Chapter 11. Compiling Other Languages

One of the best uses for Java virtual machine programming is translating languages other than Java into virtual machine code. Compiled programs run faster than interpreted ones, and compilers are often easier to write than interpreters. By taking advantage of the JVM's built-in debugging features, you can even use standard debuggers for your new language.

There are many different kinds of languages. Some are complete in the sense that they are powerful enough to write programs for any computation. In this sense, Java, C, Lisp, and Basic are all complete. Completeness in this sense refers to the ability of a language to compute mathematical functions, not to its ability to manipulate hardware (such as graphics) or whether hooks are provided to a particular operating system feature.

Each of these languages includes features not included in the others, which gives each language a different flavor. A language designer carefully chooses the features to include in a language to make it powerful enough to write concise programs but not so complicated that it is hard to learn or hard to implement.

The Java language designers chose a set of features appropriate to general-purpose programming:

• Class-based object-oriented design

• Single inheritance of implementation (through the extends clause)

• Multiple inheritance of abstract type (through the implements clause)

• Virtual dispatch of method calls (through ordinary method invocation)

• Nonvirtual dispatch of static calls (through static method invocation)

• Static type checking (since each field and variable has a declared type)

• Garbage collection mechanism to remove objects that are no longer used (provided by the JVM)

• Object locking (through synchronized methods and the synchronized statement)

Other languages have features not included in Java:

• Parametric polymorphism (C++ templates, Sather type parameters)

• Closures (Lisp lambda expressions)

• Multiple inheritance of implementation (C++, CLOS, or Eiffel multiple inheritance)

• Weak type checking (Lisp, C)

• Coroutines (Sather iterators, Scheme call-with-current-continuation)

It is possible to design a translator from any of these languages into JVM code.
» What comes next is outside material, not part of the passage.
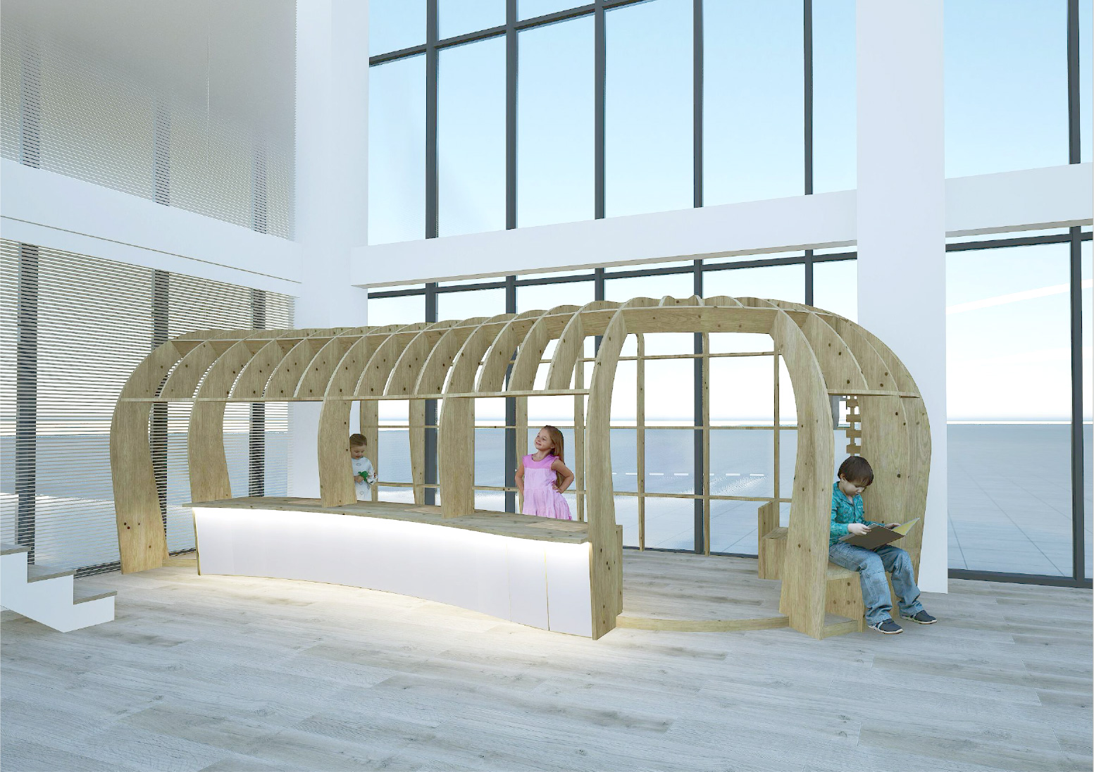 運転席でハンドルがにぎれたり、エプロンをつけてお店屋さんごっこができたり、くぐって入れる入口があったりと、お子様が喜ぶ仕掛けを考えています︕

Sometimes the mapping from one language into JVM features is easy. For example, it is easy to see how the arithmetic instructions of the JVM instruction set can be used to implement numerical calculations of any language.

Other features, like pointer arithmetic in C++, are considerably harder though not impossible to implement using the JVM instructions.

A language does not have to be computationally complete to be useful. For example, regular expressions are widely used in search engines, although it is not possible to do general computation with them. Another example is SQL, the database query language, which is well suited to joining tables together but not for general-purpose calculations. The limited scope of these languages allows them to be better suited to a particular task than a general-purpose language like Java or C++.

This chapter suggests how some of these languages may be compiled into bytecodes and executed on any JVM implementation.